Emerg Infect Dis. 2023 May;29(5):919-928. doi: 10.3201/eid2905.221618.

Abstract

Although Clostridioides difficile infection (CDI) incidence is high in the United States, standard-of-care (SOC) stool collection and testing practices might result in incidence overestimation or underestimation. We conducted diarrhea surveillance among inpatients >50 years of age in Louisville, Kentucky, USA, during October 14, 2019-October 13, 2020; concurrent SOC stool collection and CDI testing occurred independently. A study CDI case was nucleic acid amplification test‒/cytotoxicity neutralization assay‒positive or nucleic acid amplification test‒positive stool in a patient with pseudomembranous colitis.
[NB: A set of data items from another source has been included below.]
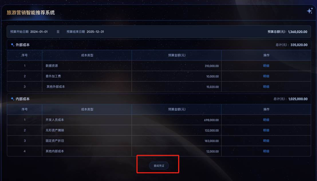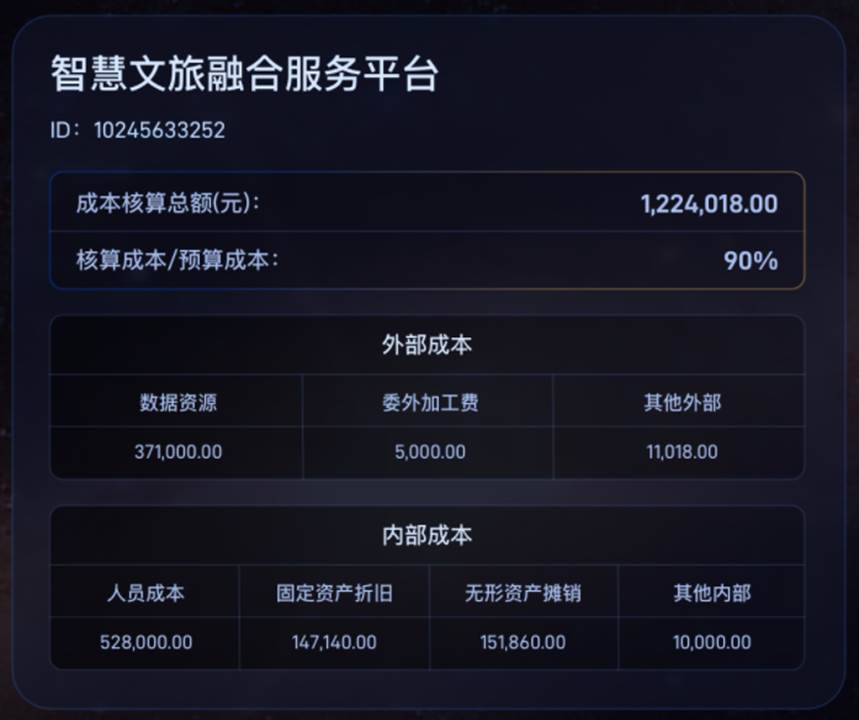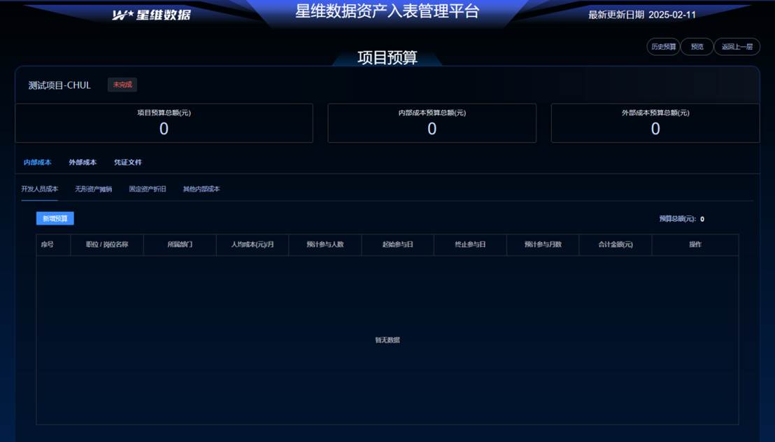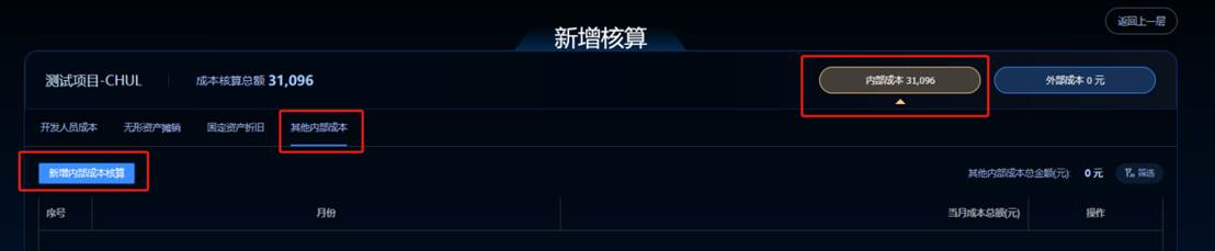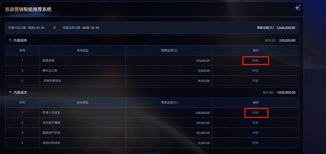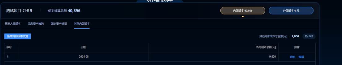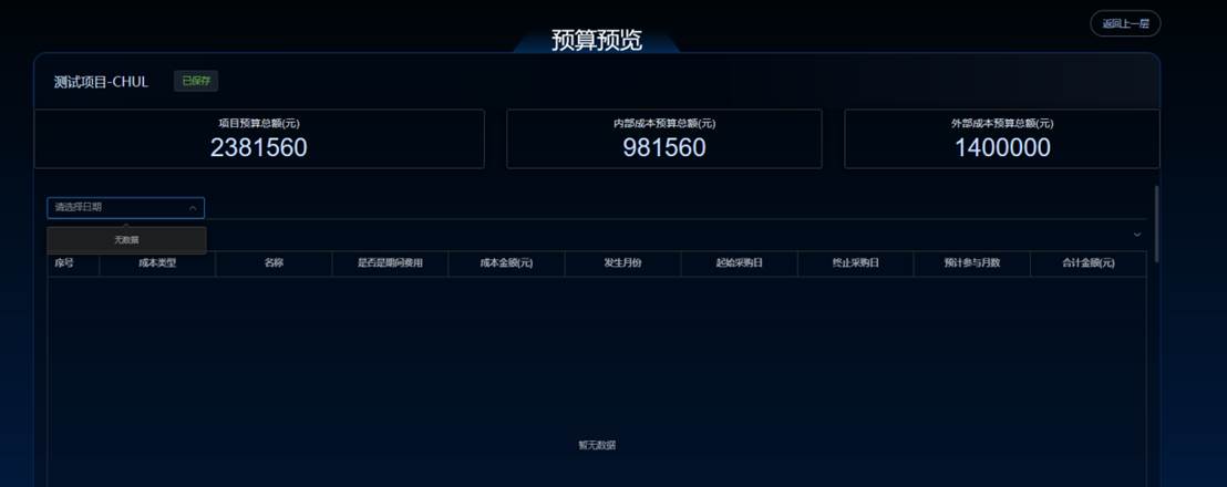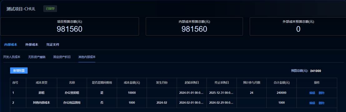 递交后返回“项目预算”页面,显示了本次其他内部成本预算填报后的结果。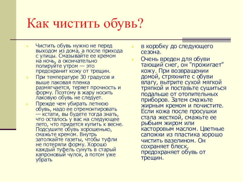 Очень вреден для обуви тающий снег, он "прожигает" кожу. При возвращении домой, стряхните с обуви влагу, вытрите сухой мягкой тряпкой и поставьте сушиться подальше от отопительных приборов. Затем смажьте жирным кремом и почистите. Если кожа после просушки стала жесткой, смажьте ее рыбьим жиром или касторовым маслом. Цветные сапожки из пластика хорошо чистить вазелином. Он сохраняет блеск, предохраняет обувь от трещин.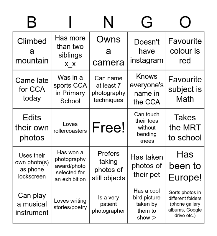 This bingo card has a free space and 24 words: Has won a photography award/photo selected for an exhibition, Loves writing stories/poetry, Can name at least 7 photography techniques, Can play a musical instrument, Favourite colour is red, Climbed a mountain, Came late for CCA today, Has more than two siblings x_x, Can touch their toes without bending knees, Prefers taking photos of still objects, Knows everyone's name in the CCA, Edits their own photos, Has taken photos of their pet, Has been to Europe!, Was in a sports CCA in Primary School, Has a cool bird picture taken by them to show :>, Takes the MRT to school, Owns a camera, Favourite subject is Math, Loves rollercoasters, Sorts photos in different folders (phone gallery albums, Google drive etc.), Uses their own photo(s) as phone lockscreen, Doesn't have instagram and Is a very patient photographer.
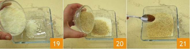 Nun zur dritten Panade: Geben Sie in eine Schüssel den Pecorino 19 und fügen Sie das Paniermehl hinzu 20. Fügen Sie den geräucherten Paprika hinzu 21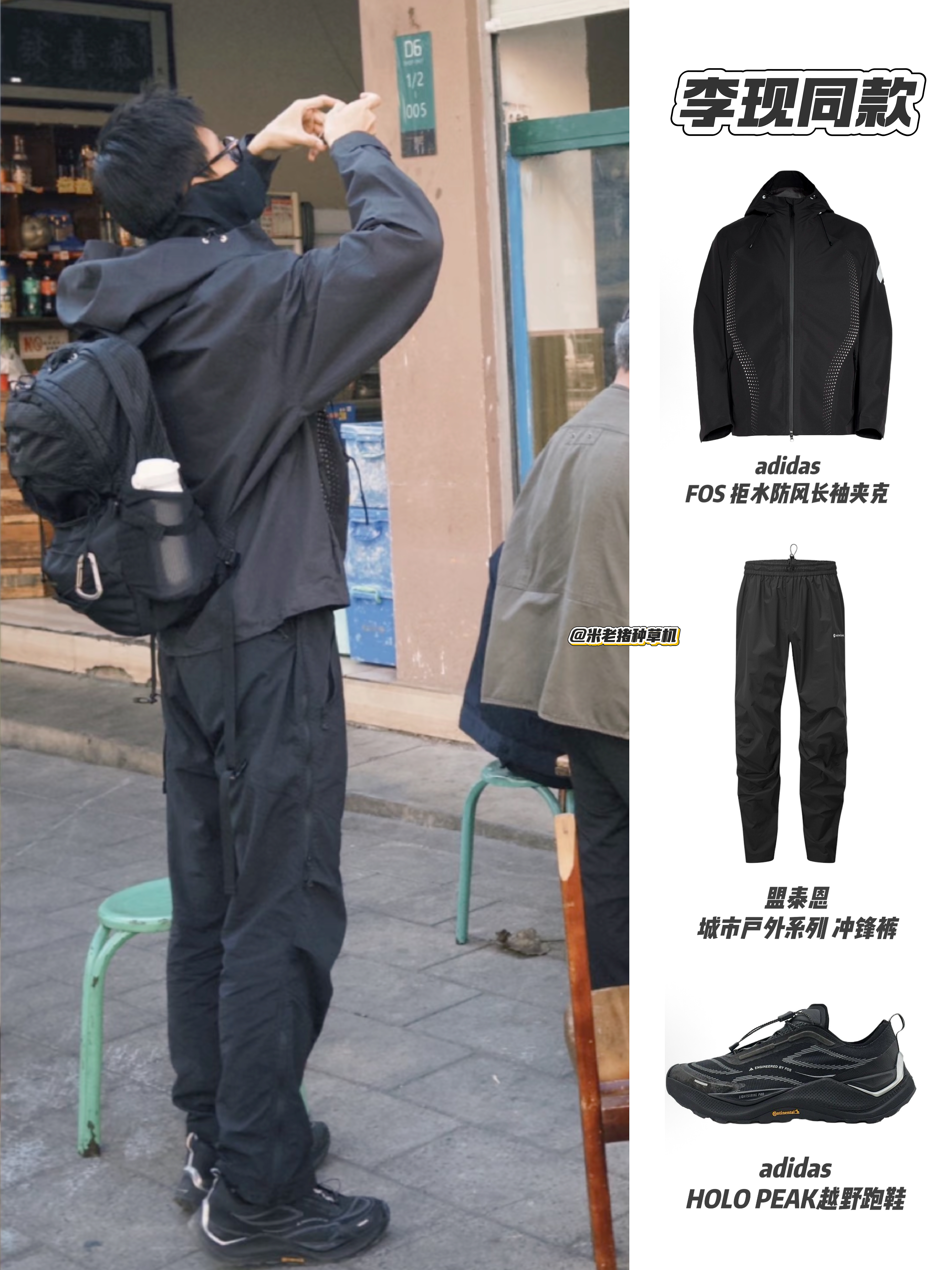 全黑也能穿出层次感!李现的户外穿搭太会了👍🏻 adidas拒水防风夹克搭配盟泰恩冲锋裤,面料兼顾透气性与功能性,满印冲孔设计和反光细节暗藏巧思。搭配阿迪越野跑鞋,整体造型利落干练,既适合城市通勤应对多变天气,也能轻松解锁轻户外场景,是秋冬男生闭眼入的穿搭模板~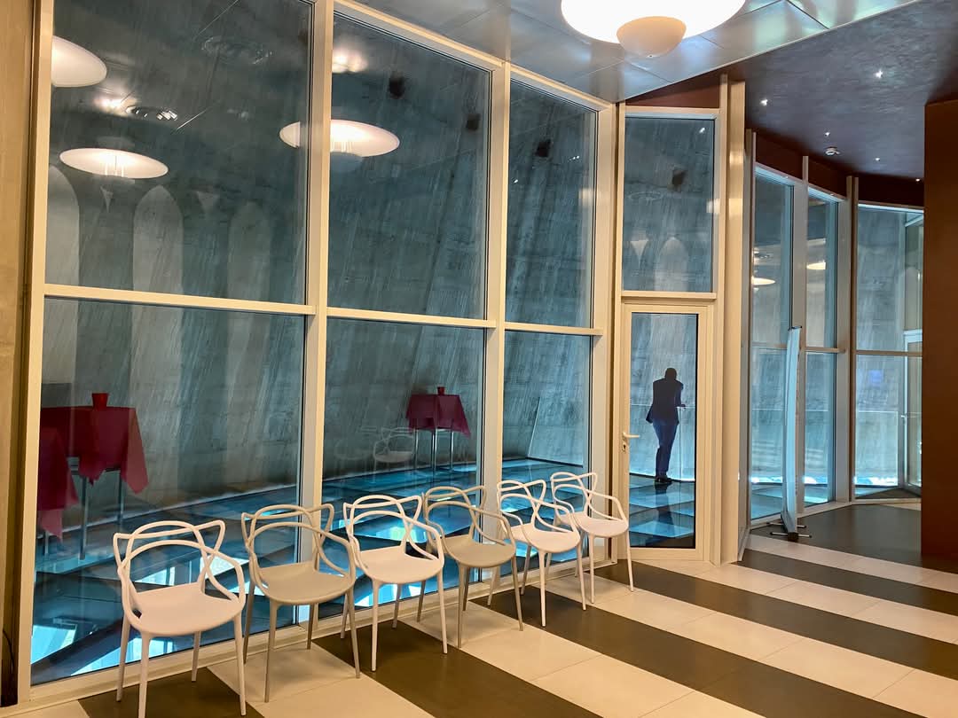 Lo si capisce bene percorrendo i suoi spazi ascoltando l’audio, di una decina di minuti, del piano Osservatorio 360°, che racconta il paesaggio economico e culturale che dall’alto della torre si vede dalle 30 vetrate panoramiche circolari.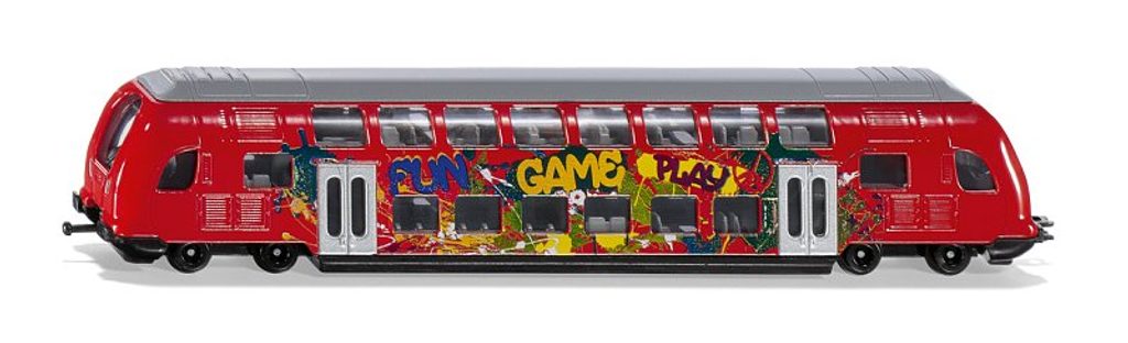 Pozor prosím! Dvoupatrový vlak SIKU se blíží k nástupišti číslo 1. Vlak je vyroben převážně z kovu a jezdí na hladce běžících kolech. Vagon je zdoben jasnými graffiti. Dvojpodlažní vlak je vybaven standardními vlakovými spojkami SIKU vpředu a vzadu, což umožňuje připojit další vagony. Nový dvoupatrový vlak rozšiřuje řadu autobusů a vlaků SIKU v sérii veřejné dopravy. Vyrobeno z kvalitního a odolného materiálu. Měřítko: 1:87. Rozměr: 209 x 27 x 40 mm. Rozměr balení: 25 x 4,2 x 7,5 cm. Věk: 3+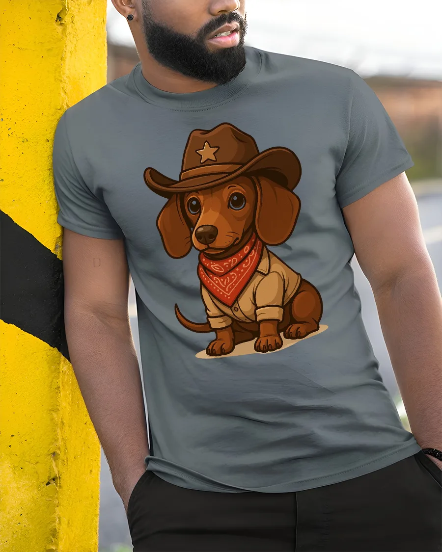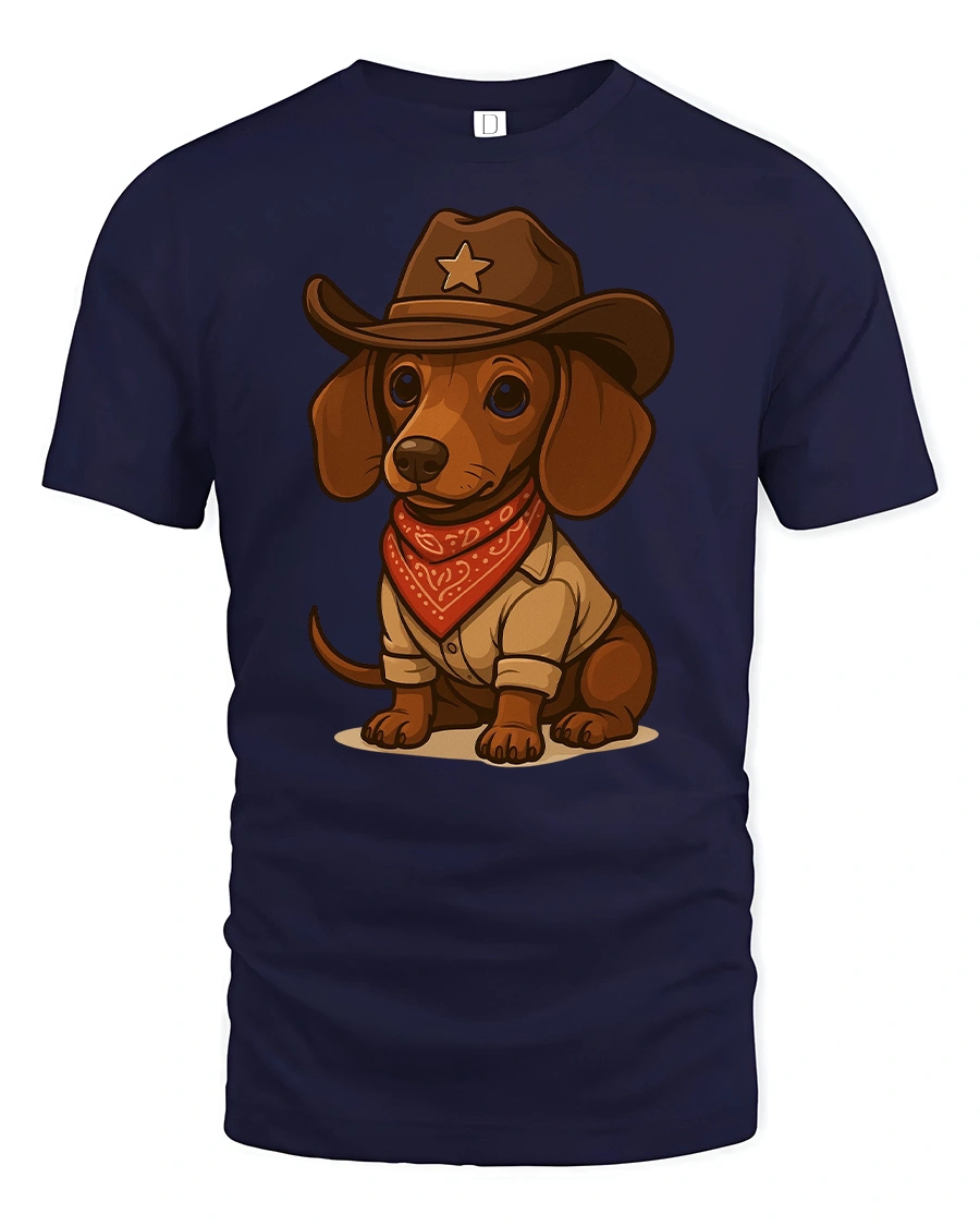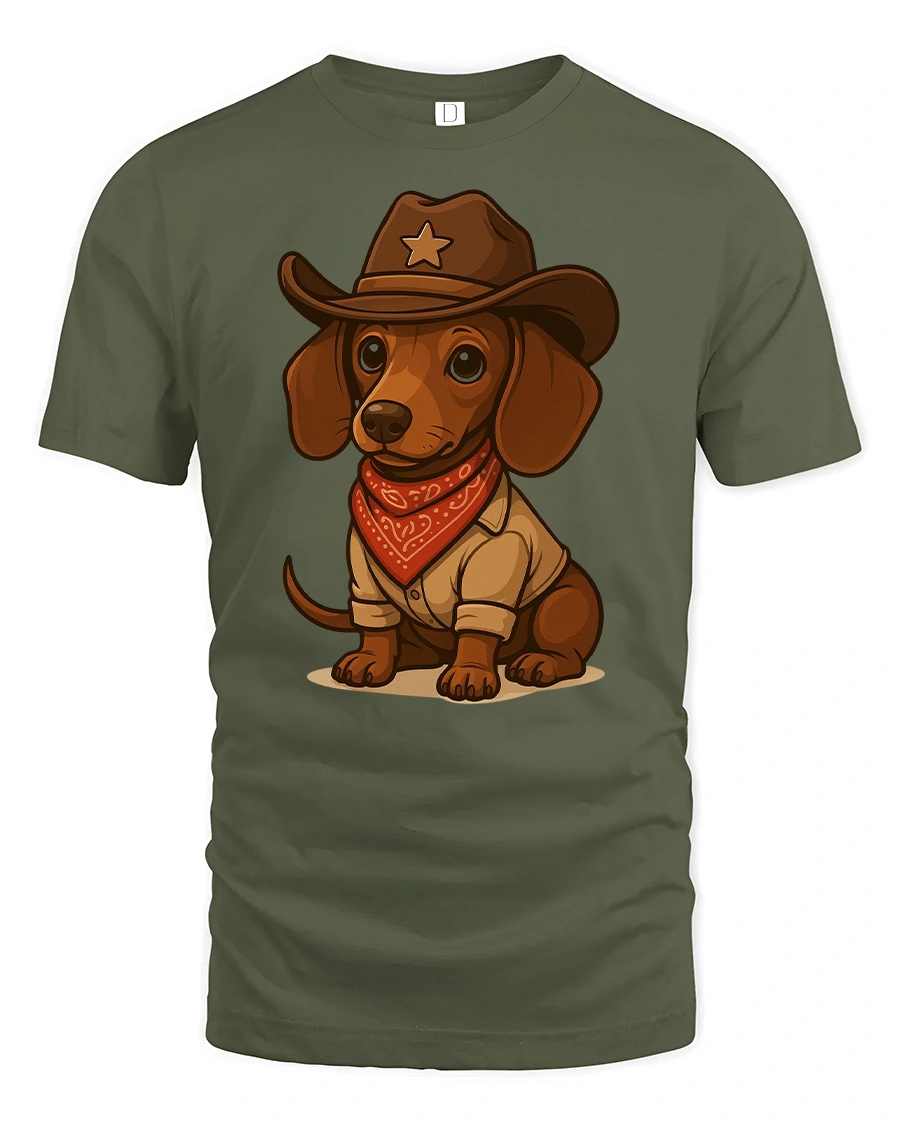 Featuring a cute dachshund dressed as a cowboy sheriff with a hat and red bandana, this tee is perfect for anyone who loves dogs and western style.

Study incidence was adjusted for hospitalization share and specimen collection rate and, in a sensitivity analysis, for diarrhea cases without study testing. SOC hospitalized CDI incidence was 121/100,000 population/year; study incidence was 154/100,000 population/year and, in sensitivity analysis, 202/100,000 population/year. Of 75 SOC CDI cases, 12 (16.0%) were not study diagnosed; of 109 study CDI cases, 44 (40.4%) were not SOC diagnosed. CDI incidence estimates based on SOC CDI testing are probably underestimated.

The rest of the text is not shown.